In a retrospective cohort study of 2300 incident hemodialysis patients at five Canadian dialysis programs, a predialysis AV fistula creation was associated with a lower risk of all-cause mortality in patients under 65 years of age (HR 0.49, 95% CI 0.29-0.82) and in the first two years of follow-up in those age 65 years and older, but a higher risk thereafter (HR 0 to 24 months: 0.60, 95% CI 0.43-0.84; HR >24 months: 1.83, 95% CI 1.25-2.67) [33]. Importantly, only 2.3 percent of deaths were access related. When the authors compared outcomes between those who used their AV fistulas and those who used a catheter because their AV fistula attempts failed, there was no difference in mortality between the two groups. In other words, patients who were deemed fit for an AV fistula attempt had a survival advantage, independent of whether or not they ever used the AV fistula for hemodialysis. This again reinforces the idea that the excess mortality observed in hemodialysis patients treated with catheters may be the result of residual confounding, unmeasured comorbidity, or treatment selection bias, rather than an effect of the access itself.

Similarly, a study from the United States of 90,517 patients who initiated dialysis with a catheter or AV fistula found a significant mortality benefit among those treated with AV fistulas (HR 0.50, 95% CI 0.48-0.52). However, the mortality rates were also significantly attenuated among those who had a failed AV fistula attempt and dialyzed with a catheter (43 percent in total) when compared with the catheter-only group (HR 0.66, 95% CI 0.64-0.68) [34]. The authors concluded that patient factors likely explain at least two-thirds of the observed difference in mortality in patients treated with an AV fistula.
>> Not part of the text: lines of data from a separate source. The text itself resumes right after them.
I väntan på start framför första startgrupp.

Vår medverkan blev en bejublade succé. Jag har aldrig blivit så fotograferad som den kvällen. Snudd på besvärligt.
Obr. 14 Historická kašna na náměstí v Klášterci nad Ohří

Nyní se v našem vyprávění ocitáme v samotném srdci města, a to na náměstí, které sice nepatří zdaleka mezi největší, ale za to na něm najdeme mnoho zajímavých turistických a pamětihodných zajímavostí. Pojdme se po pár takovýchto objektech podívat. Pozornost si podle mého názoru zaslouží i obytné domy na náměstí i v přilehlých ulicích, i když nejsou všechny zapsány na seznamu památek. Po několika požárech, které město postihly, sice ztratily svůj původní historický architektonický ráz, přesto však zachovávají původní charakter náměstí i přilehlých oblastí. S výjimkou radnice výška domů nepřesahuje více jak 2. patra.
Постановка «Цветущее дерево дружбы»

A limited number of randomized trials are available comparing the different types of AV access. These include:

Brachiobasilic fistula versus forearm loop graft — A multicenter study randomly assigned 105 patients with failed AV fistulas or inadequate vessels for radiocephalic or brachiocephalic fistulas to either a brachiobasilic fistula or loop forearm AV graft [35]. Fifty-two percent of patients in the brachiobasilic group and 15 percent of the AV graft group had previously failed an AV fistula. A radial artery and/or cephalic vein diameter of less than 2 mm at the wrist and less than 3 mm at the elbow was defined as unsuitable for the creation of a radiocephalic fistula or brachiocephalic fistula. Compared with the AV graft group, the brachiobasilic group had significantly higher primary patency (46 versus 22 percent) and primary assisted patency (87 versus 71 percent) at one year. Another small trial randomly assigned 57 patients to creation of a brachiobasilic fistula or an AV graft using a collagen-polyester composite material [36]. While patients in the brachiobasilic fistula group had a longer time to cannulation (43 versus 27 days), they had a higher primary patency at one year (52 versus 32 percent), in part because of a lower risk of thrombosis (12 versus 31 episodes).
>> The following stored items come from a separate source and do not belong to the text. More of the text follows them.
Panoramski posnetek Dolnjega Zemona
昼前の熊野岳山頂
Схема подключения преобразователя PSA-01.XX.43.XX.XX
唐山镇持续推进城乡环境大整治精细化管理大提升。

Distal AV fistula versus forearm loop graft — A trial that randomly assigned 182 patients with less-than-ideal vessels for radiocephalic fistulas (radial artery between 1 and 2 mm and/or a cephalic vein of 1.6 mm or less) to either an attempt at a radiocephalic fistula or a forearm loop graft found that the AV graft group had higher primary (48 versus 33 percent) and secondary (79 versus 52 percent) patency rates at one year [37].

These observations provided a fresh and critical look at the assumptions that underpinned the promotion of AV fistulas and further contributed to equipoise around this issue. More randomized comparisons of different forms of access are needed. For example, a pilot randomized trial of AV fistula creation in patients who start dialysis with a central venous catheter is underway in Canada to address the feasibility of answering this question in a larger trial (Clinicaltrials.gov identifier: NCT02675569) [38]. In the Netherlands, a randomized trial comparing AV grafts or central venous catheters with AV fistulas is underway [39].
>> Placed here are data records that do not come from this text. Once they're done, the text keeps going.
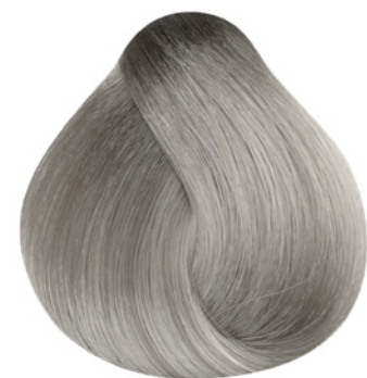
12.11 - Ultra Clareador Cinza Intenso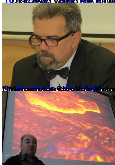
10. Andrzej Boczarowski i Andrzej Boczarowski - Dlaczego nie ma dwóch języków?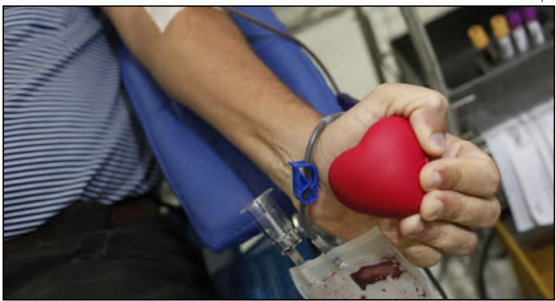
Dia D da campanha será neste sábado

Não é necessário estar em jejum, apenas evitar alimentos gordurosos nas quatro horas que antecedem a doação e não ingerir bebidas alcoólicas 12 horas antes. Tatuagem e piercing impedem a doação por seis meses.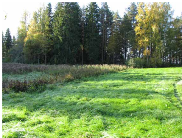
Reipin läntisintä peltoa.

Rahoitusmahdollisuus: Peltotukikelpoisuuden ulkopuolella olevat entiset pellot voivat saada luonnon ja maiseman monimuotoisuuden edistämisen tukea, mikäli niiden kasvillisuus on kehittynyt niittymäiseksi monilajiseksi ja/tai ne sijaitsevat aivan erityisen näkyvällä maisemallisesti tärkeällä paikalla. Sama tuki sopii saarekkeiden ja reunavyöhykkeiden raivaukseen ym. hoitoon.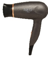
HAIR DRYER CR 2261

The updated KDOQI Clinical Practice Guideline for Vascular Access: 2019 Update has adopted a patient-centered approach, acknowledging their recommendations are based on expert opinion given the lack of high-quality evidence [26].

KDOQI considers it reasonable to have an AV access (AV fistula or AV graft) in a patient requiring hemodialysis, when consistent with their ESKD Life-Plan and overall goals of care. (See 'AV fistula appropriateness' below and 'AV graft appropriateness' below.)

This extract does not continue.